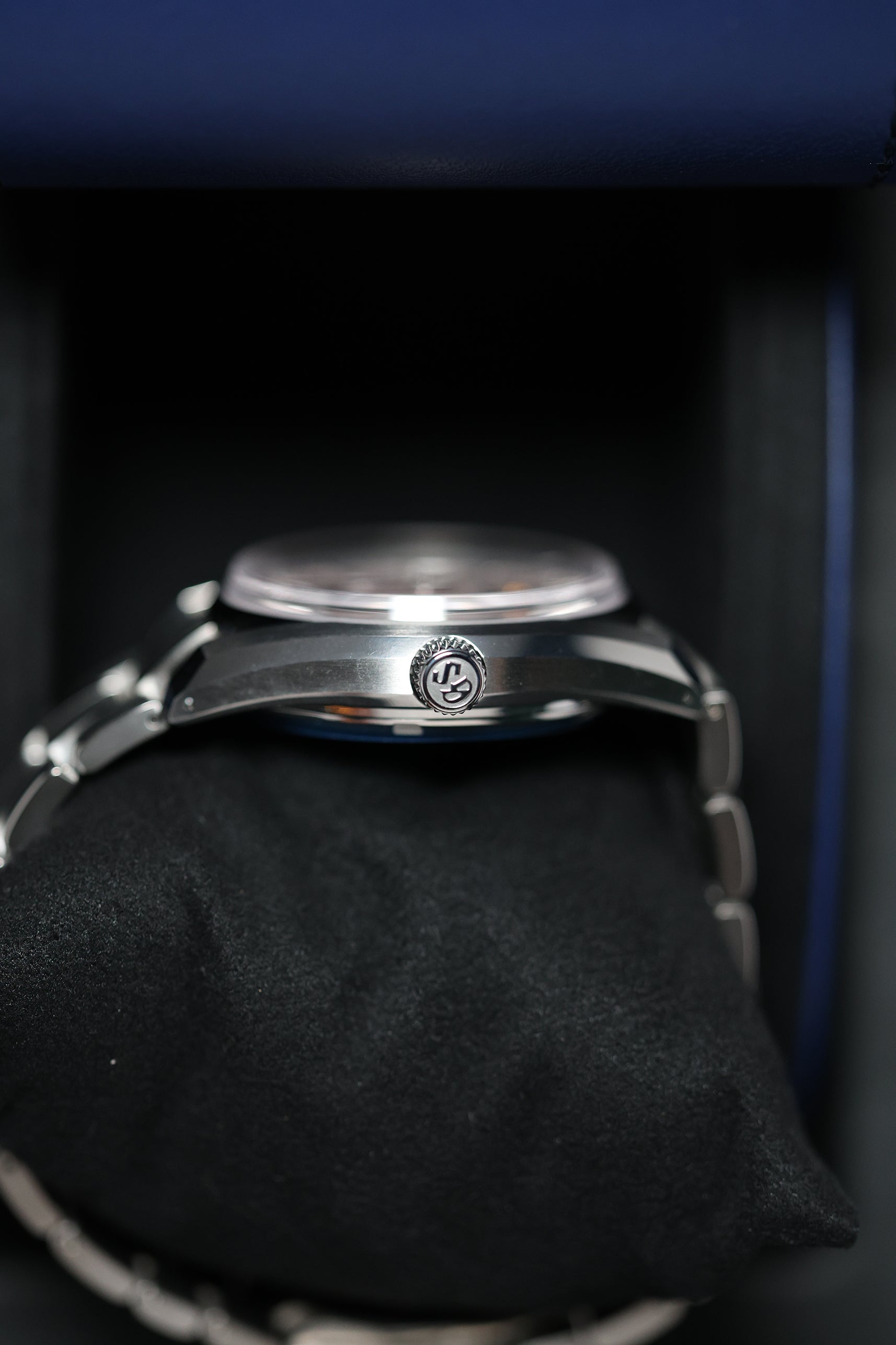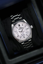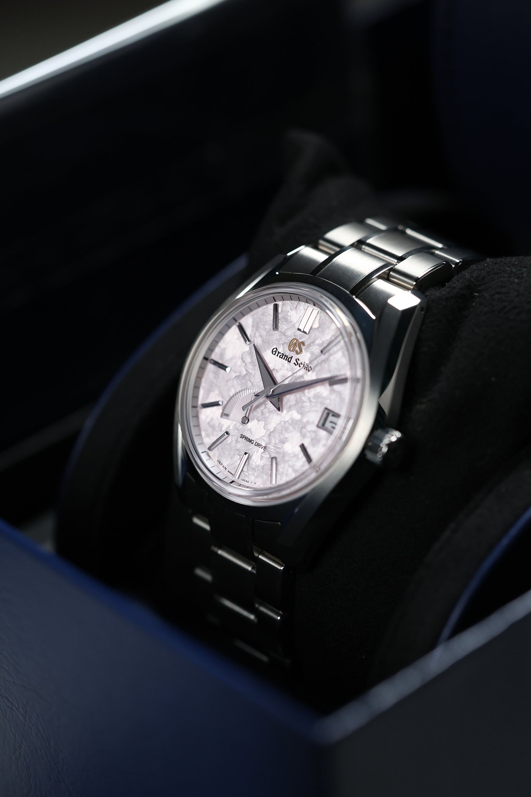 The watch is crafted in high-intensity titanium, which is significantly lighter than steel, offering a comfortable yet purposeful 40mm presence on the wrist. This material is finished with the meticulous Zaratsu polishing, creating mirror-like surfaces and razor-sharp case lines that are hallmarks of Grand Seiko's commitment to flawless finishing.
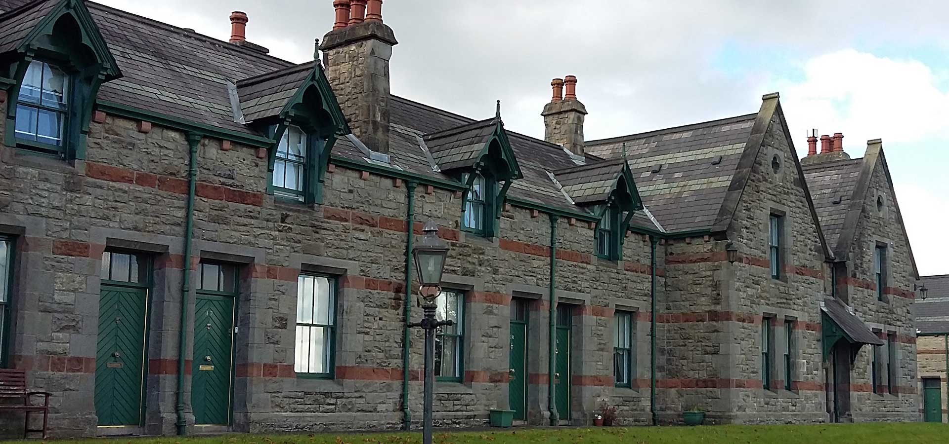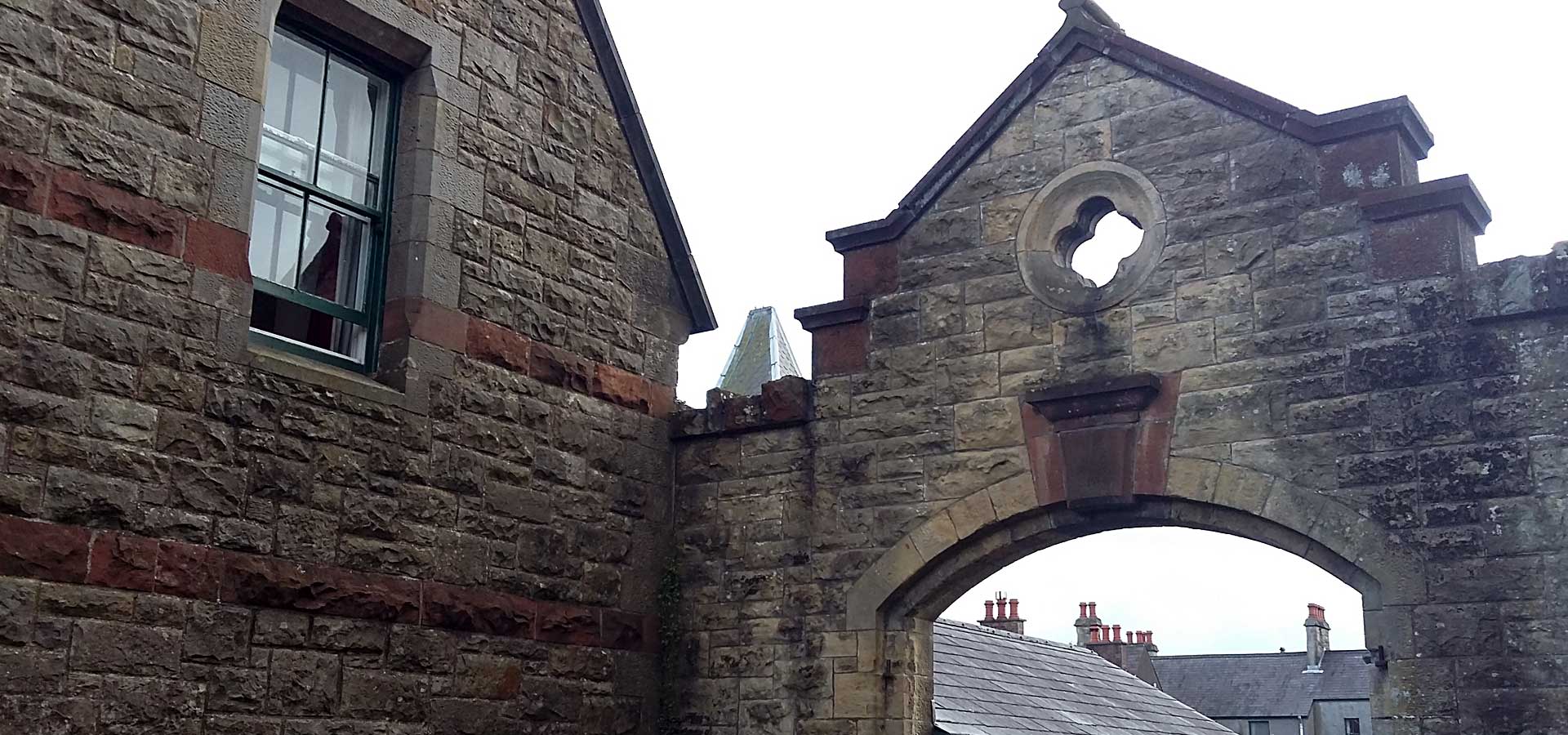 Although the overall theme and layout of buildings at each complex is broadly similar, the stone and brick used in their construction varied from site to site dictated by the locally available raw material. Materials varied with the use of granite in Stillorgan, complimented by bands of red brick and occasional yellow brick and red sandstone. Limestone was used in Dungannon and in Armagh with sandstone bands and window mouldings very evident.
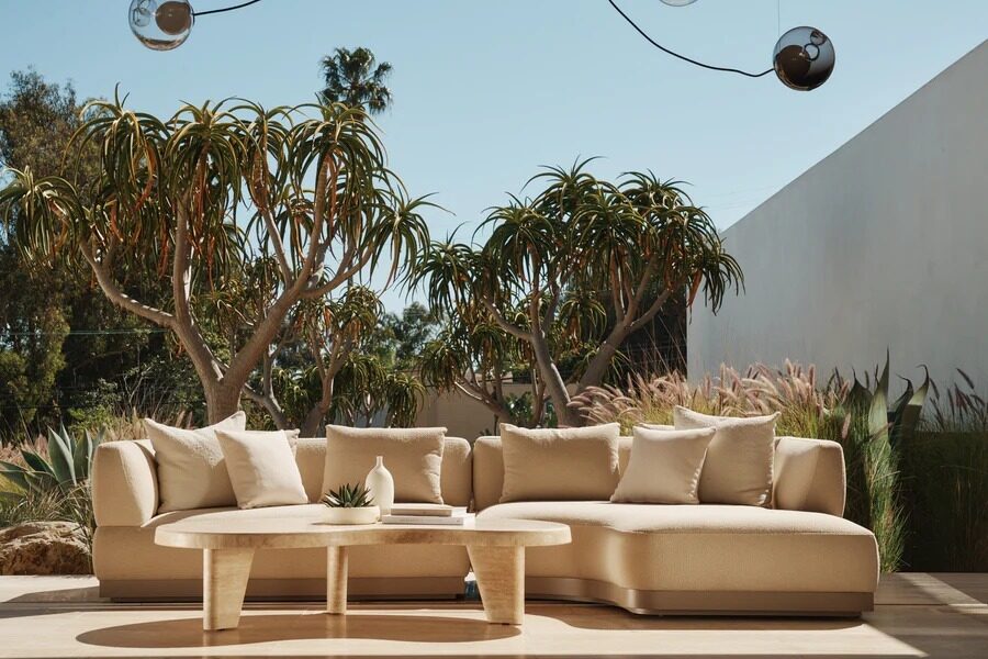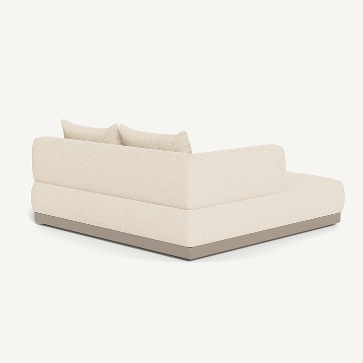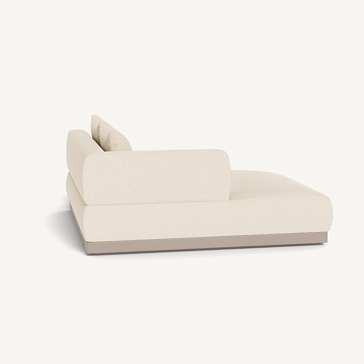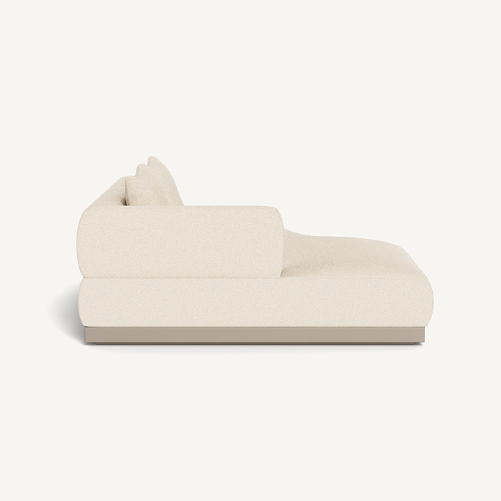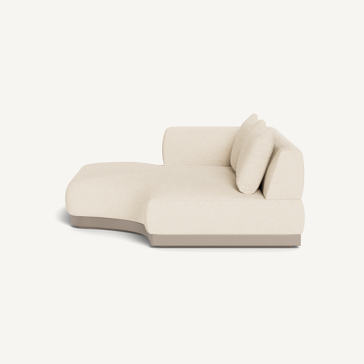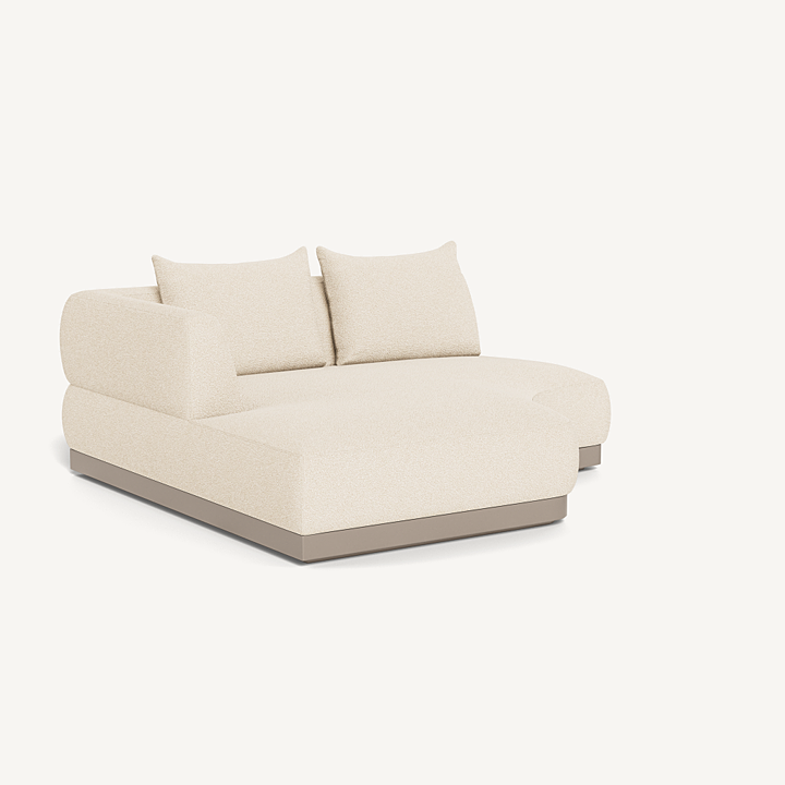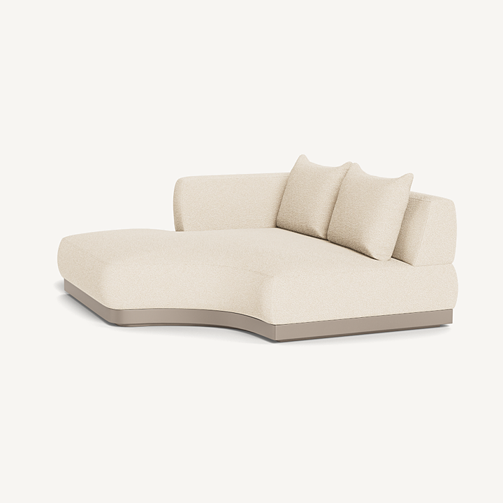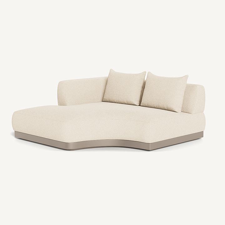 Our Amalfi collection brings Italian upholstery to the outdoors. Part of our sectional collection, the Amalfi Curved Chaise Left is unmatched luxury — enjoy supportive comfort with a structured tight seat and back in premium Italian fabric in a range of neutral tones on an extruded aluminum plinth base in Asteroid or Taupe, entirely and surprisingly made from 100% outdoor materials. Used as a stand–alone or extended with other sectional sofa components, this contemporary sofa further blurs the lines between indoor&outdoor living and instantly elevates any space. Pair it with an opposite 2 Seat 1 Arm or Armless Sofa to create your perfect sectional sofa configuration.

+++

Transcribe the material exactly, keeping every word and none of the pictures.

Your response:
 The watch is crafted in high-intensity titanium, which is significantly lighter than steel, offering a comfortable yet purposeful 40mm presence on the wrist. This material is finished with the meticulous Zaratsu polishing, creating mirror-like surfaces and razor-sharp case lines that are hallmarks of Grand Seiko's commitment to flawless finishing.
 Although the overall theme and layout of buildings at each complex is broadly similar, the stone and brick used in their construction varied from site to site dictated by the locally available raw material. Materials varied with the use of granite in Stillorgan, complimented by bands of red brick and occasional yellow brick and red sandstone. Limestone was used in Dungannon and in Armagh with sandstone bands and window mouldings very evident.
 Our Amalfi collection brings Italian upholstery to the outdoors. Part of our sectional collection, the Amalfi Curved Chaise Left is unmatched luxury — enjoy supportive comfort with a structured tight seat and back in premium Italian fabric in a range of neutral tones on an extruded aluminum plinth base in Asteroid or Taupe, entirely and surprisingly made from 100% outdoor materials. Used as a stand–alone or extended with other sectional sofa components, this contemporary sofa further blurs the lines between indoor&outdoor living and instantly elevates any space. Pair it with an opposite 2 Seat 1 Arm or Armless Sofa to create your perfect sectional sofa configuration.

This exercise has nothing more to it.